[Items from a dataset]
'''

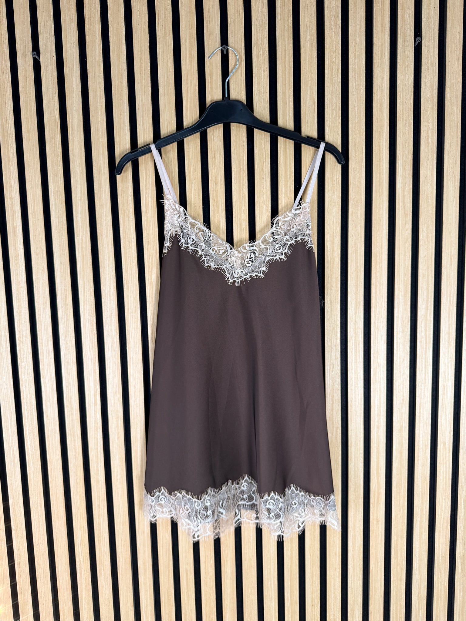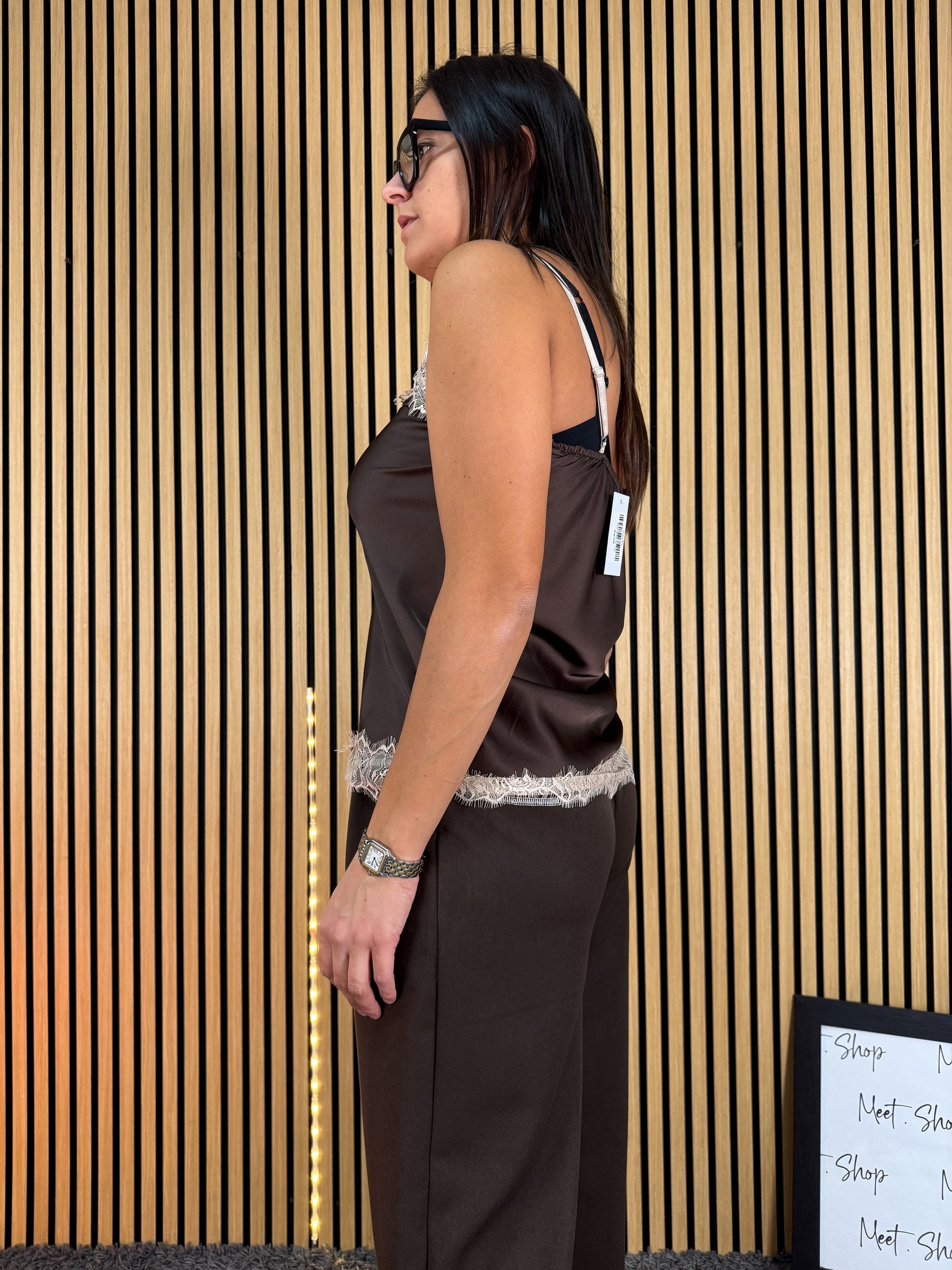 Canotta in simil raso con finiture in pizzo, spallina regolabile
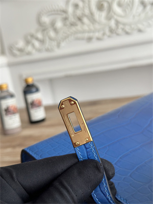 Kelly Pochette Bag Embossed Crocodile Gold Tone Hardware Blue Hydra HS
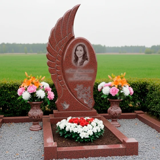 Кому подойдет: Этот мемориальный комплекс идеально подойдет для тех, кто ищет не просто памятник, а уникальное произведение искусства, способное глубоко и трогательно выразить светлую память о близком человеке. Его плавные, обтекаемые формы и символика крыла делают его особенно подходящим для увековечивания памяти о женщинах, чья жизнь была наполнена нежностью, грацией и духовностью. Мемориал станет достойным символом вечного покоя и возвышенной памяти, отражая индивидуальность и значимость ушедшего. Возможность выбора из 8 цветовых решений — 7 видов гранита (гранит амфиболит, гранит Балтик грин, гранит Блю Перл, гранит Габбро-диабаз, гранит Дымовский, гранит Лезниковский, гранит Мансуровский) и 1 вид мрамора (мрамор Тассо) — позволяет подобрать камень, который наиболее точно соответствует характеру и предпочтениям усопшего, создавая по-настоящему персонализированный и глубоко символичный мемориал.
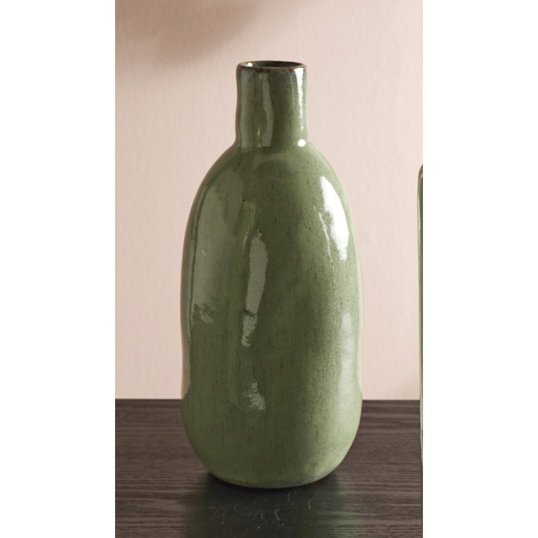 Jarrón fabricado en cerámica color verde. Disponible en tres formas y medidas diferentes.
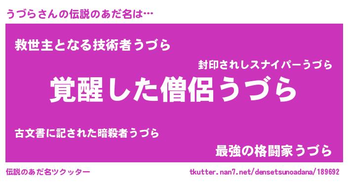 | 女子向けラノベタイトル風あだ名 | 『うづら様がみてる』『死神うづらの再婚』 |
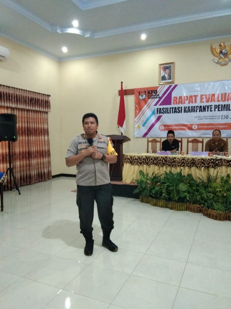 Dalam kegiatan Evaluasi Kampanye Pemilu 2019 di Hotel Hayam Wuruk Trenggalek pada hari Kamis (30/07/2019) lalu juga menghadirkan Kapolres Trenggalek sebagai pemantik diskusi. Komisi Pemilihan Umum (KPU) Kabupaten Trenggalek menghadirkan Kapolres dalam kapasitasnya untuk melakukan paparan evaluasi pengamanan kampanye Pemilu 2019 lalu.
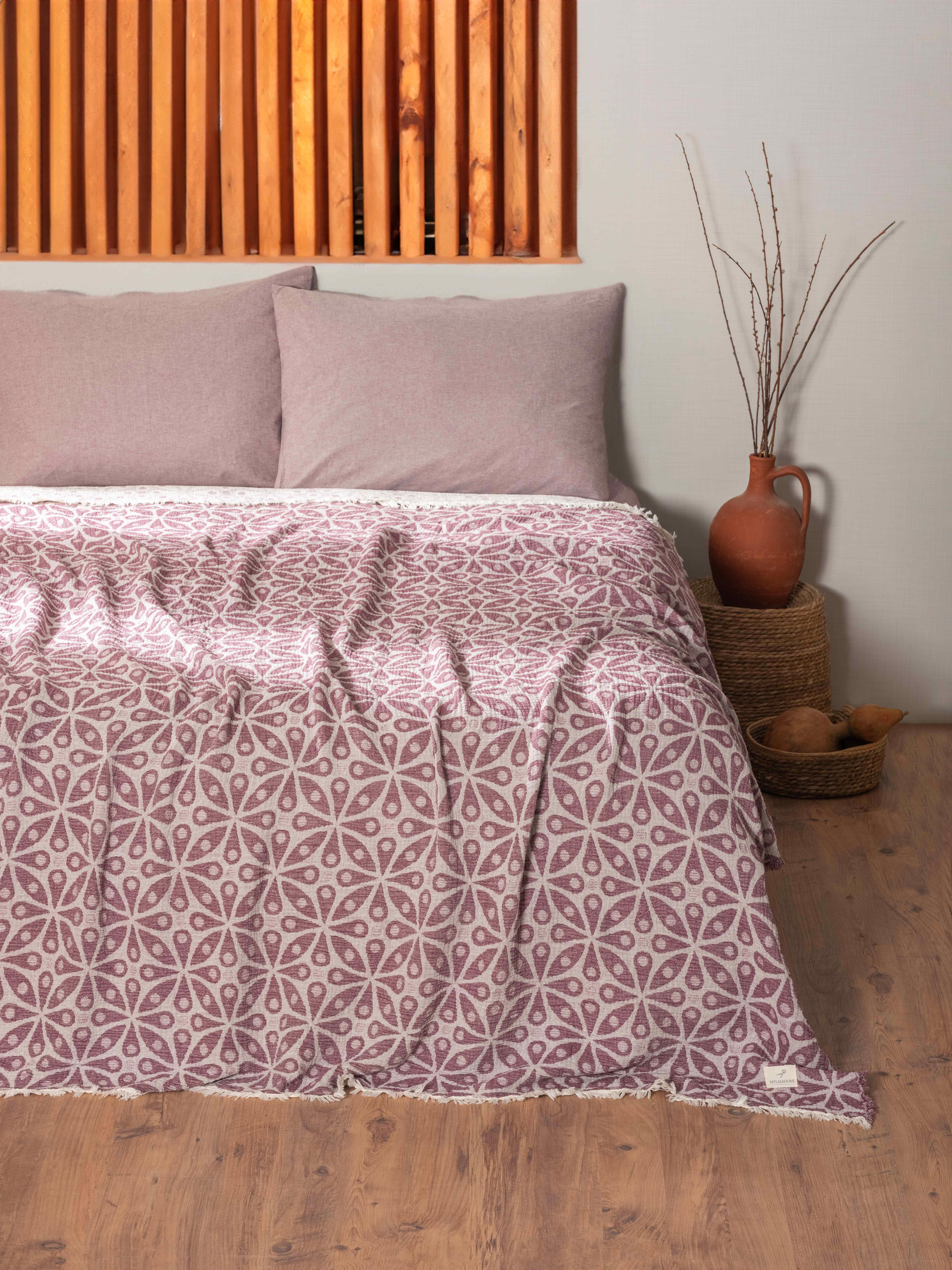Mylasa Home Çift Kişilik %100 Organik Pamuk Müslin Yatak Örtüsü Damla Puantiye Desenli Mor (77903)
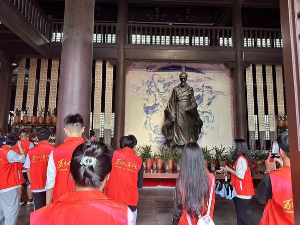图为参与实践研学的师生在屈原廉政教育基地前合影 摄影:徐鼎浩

'''

-- Prompt --
Word for word, reproduce all of the entries above and omit the pictures.

-- Exercise answer --
 Canotta in simil raso con finiture in pizzo, spallina regolabile
 Kelly Pochette Bag Embossed Crocodile Gold Tone Hardware Blue Hydra HS
 Кому подойдет: Этот мемориальный комплекс идеально подойдет для тех, кто ищет не просто памятник, а уникальное произведение искусства, способное глубоко и трогательно выразить светлую память о близком человеке. Его плавные, обтекаемые формы и символика крыла делают его особенно подходящим для увековечивания памяти о женщинах, чья жизнь была наполнена нежностью, грацией и духовностью. Мемориал станет достойным символом вечного покоя и возвышенной памяти, отражая индивидуальность и значимость ушедшего. Возможность выбора из 8 цветовых решений — 7 видов гранита (гранит амфиболит, гранит Балтик грин, гранит Блю Перл, гранит Габбро-диабаз, гранит Дымовский, гранит Лезниковский, гранит Мансуровский) и 1 вид мрамора (мрамор Тассо) — позволяет подобрать камень, который наиболее точно соответствует характеру и предпочтениям усопшего, создавая по-настоящему персонализированный и глубоко символичный мемориал.
 Jarrón fabricado en cerámica color verde. Disponible en tres formas y medidas diferentes.
 | 女子向けラノベタイトル風あだ名 | 『うづら様がみてる』『死神うづらの再婚』 |
 Dalam kegiatan Evaluasi Kampanye Pemilu 2019 di Hotel Hayam Wuruk Trenggalek pada hari Kamis (30/07/2019) lalu juga menghadirkan Kapolres Trenggalek sebagai pemantik diskusi. Komisi Pemilihan Umum (KPU) Kabupaten Trenggalek menghadirkan Kapolres dalam kapasitasnya untuk melakukan paparan evaluasi pengamanan kampanye Pemilu 2019 lalu.
Mylasa Home Çift Kişilik %100 Organik Pamuk Müslin Yatak Örtüsü Damla Puantiye Desenli Mor (77903)
图为参与实践研学的师生在屈原廉政教育基地前合影 摄影:徐鼎浩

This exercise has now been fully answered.